-- PROVIDED DATA --
******
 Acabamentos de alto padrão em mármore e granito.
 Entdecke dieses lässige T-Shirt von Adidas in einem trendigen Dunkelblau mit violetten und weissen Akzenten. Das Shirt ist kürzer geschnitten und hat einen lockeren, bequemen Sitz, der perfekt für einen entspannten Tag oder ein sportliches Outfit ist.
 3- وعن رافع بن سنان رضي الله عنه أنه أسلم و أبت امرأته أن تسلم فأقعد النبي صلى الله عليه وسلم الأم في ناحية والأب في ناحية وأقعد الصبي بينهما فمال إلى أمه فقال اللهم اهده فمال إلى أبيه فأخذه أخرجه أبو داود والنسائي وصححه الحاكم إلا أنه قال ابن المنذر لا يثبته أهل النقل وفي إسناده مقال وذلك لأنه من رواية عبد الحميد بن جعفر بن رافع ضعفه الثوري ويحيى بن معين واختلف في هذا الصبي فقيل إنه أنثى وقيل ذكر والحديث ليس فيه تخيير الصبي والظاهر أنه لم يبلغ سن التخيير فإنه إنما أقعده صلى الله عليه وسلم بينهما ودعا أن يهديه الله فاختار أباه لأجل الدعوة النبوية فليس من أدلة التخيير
******
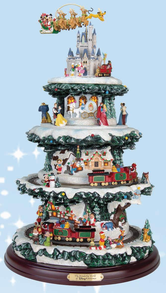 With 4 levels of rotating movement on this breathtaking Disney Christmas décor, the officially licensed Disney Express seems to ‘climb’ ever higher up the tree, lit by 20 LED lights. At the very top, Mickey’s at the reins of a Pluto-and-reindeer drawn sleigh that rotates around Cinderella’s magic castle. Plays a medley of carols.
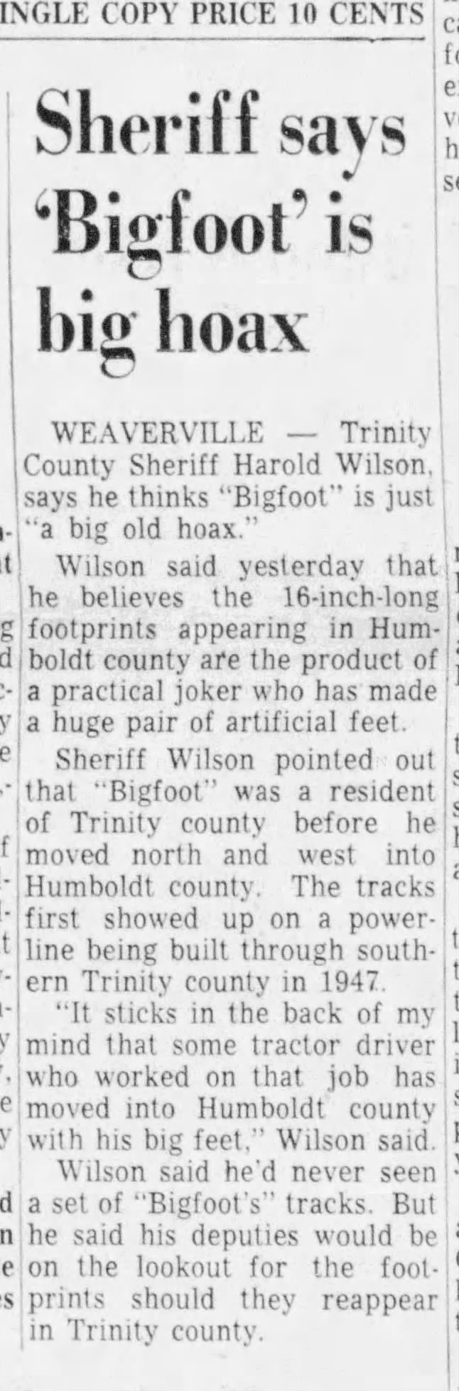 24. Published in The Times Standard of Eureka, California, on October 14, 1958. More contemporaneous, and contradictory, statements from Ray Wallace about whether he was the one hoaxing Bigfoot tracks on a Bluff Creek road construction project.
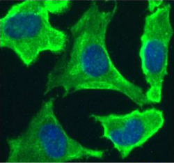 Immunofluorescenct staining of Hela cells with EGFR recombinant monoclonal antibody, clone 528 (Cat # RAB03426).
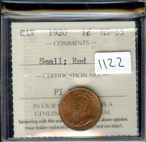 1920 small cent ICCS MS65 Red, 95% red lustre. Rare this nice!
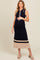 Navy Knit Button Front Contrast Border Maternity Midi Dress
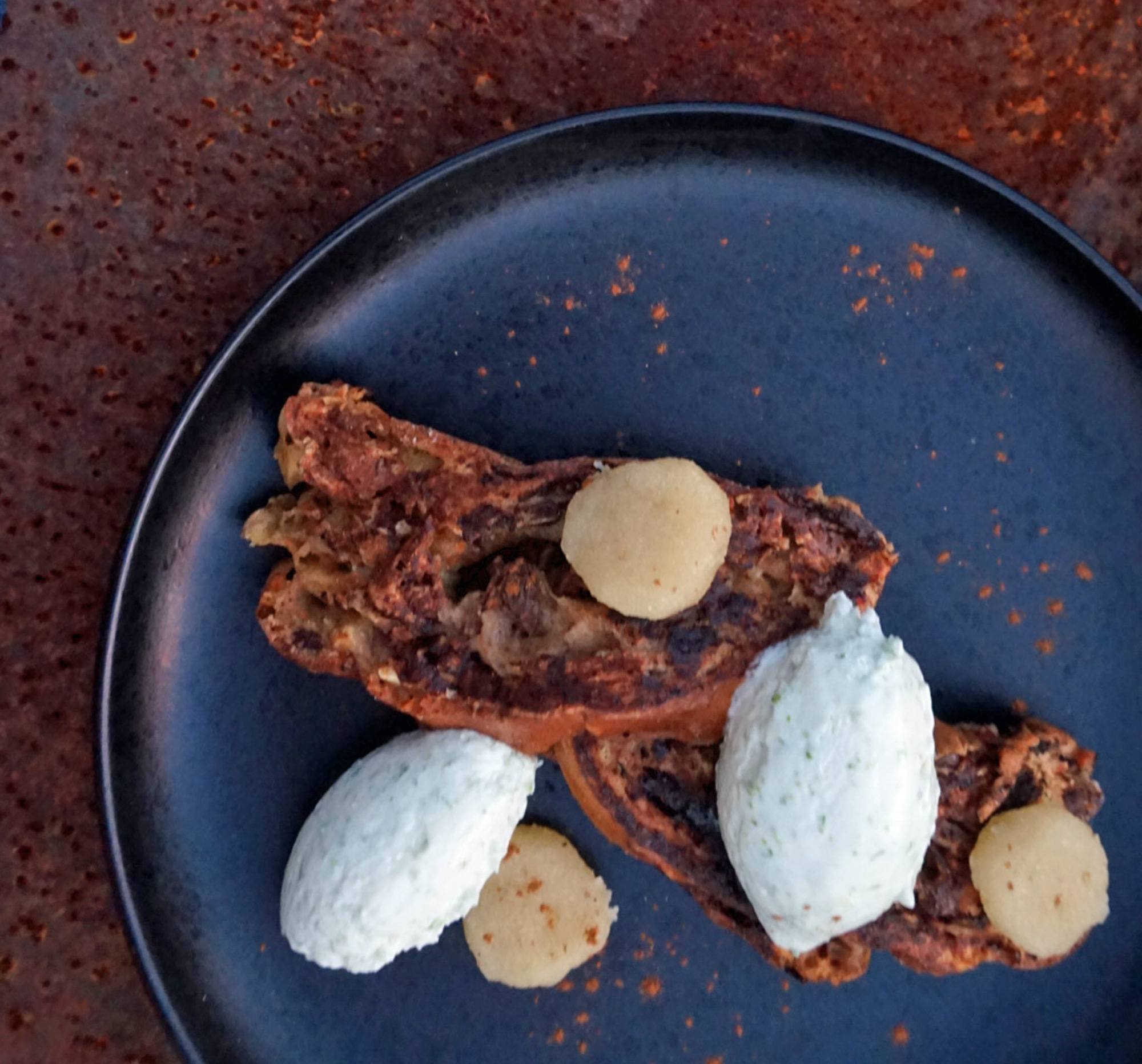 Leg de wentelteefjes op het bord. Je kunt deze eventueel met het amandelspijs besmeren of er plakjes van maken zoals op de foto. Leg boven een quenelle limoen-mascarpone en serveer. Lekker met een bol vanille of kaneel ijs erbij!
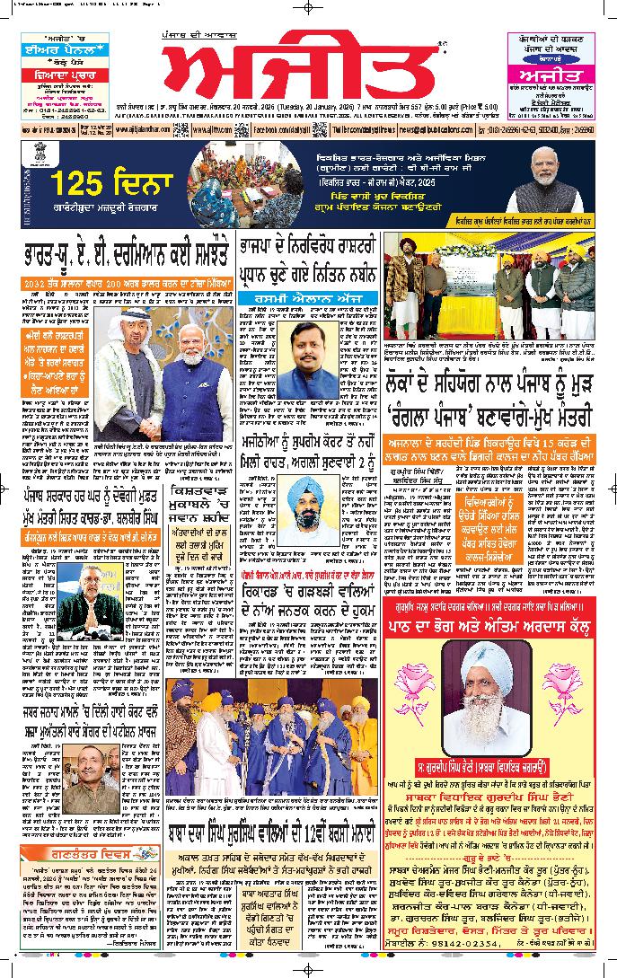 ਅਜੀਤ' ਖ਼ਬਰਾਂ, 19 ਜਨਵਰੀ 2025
******
-- WORK INSTRUCTION --
What you need to produce is an exact copy of the entries above, limited to the lines from the one with "Immunofluorescenct staining of" up to and including the one with "ਅਜੀਤ' ਖ਼ਬਰਾਂ, 19 ਜਨਵਰੀ 2025", without pictures.

-- RESULT --
 Immunofluorescenct staining of Hela cells with EGFR recombinant monoclonal antibody, clone 528 (Cat # RAB03426).
 1920 small cent ICCS MS65 Red, 95% red lustre. Rare this nice!
 Navy Knit Button Front Contrast Border Maternity Midi Dress
 Leg de wentelteefjes op het bord. Je kunt deze eventueel met het amandelspijs besmeren of er plakjes van maken zoals op de foto. Leg boven een quenelle limoen-mascarpone en serveer. Lekker met een bol vanille of kaneel ijs erbij!
 ਅਜੀਤ' ਖ਼ਬਰਾਂ, 19 ਜਨਵਰੀ 2025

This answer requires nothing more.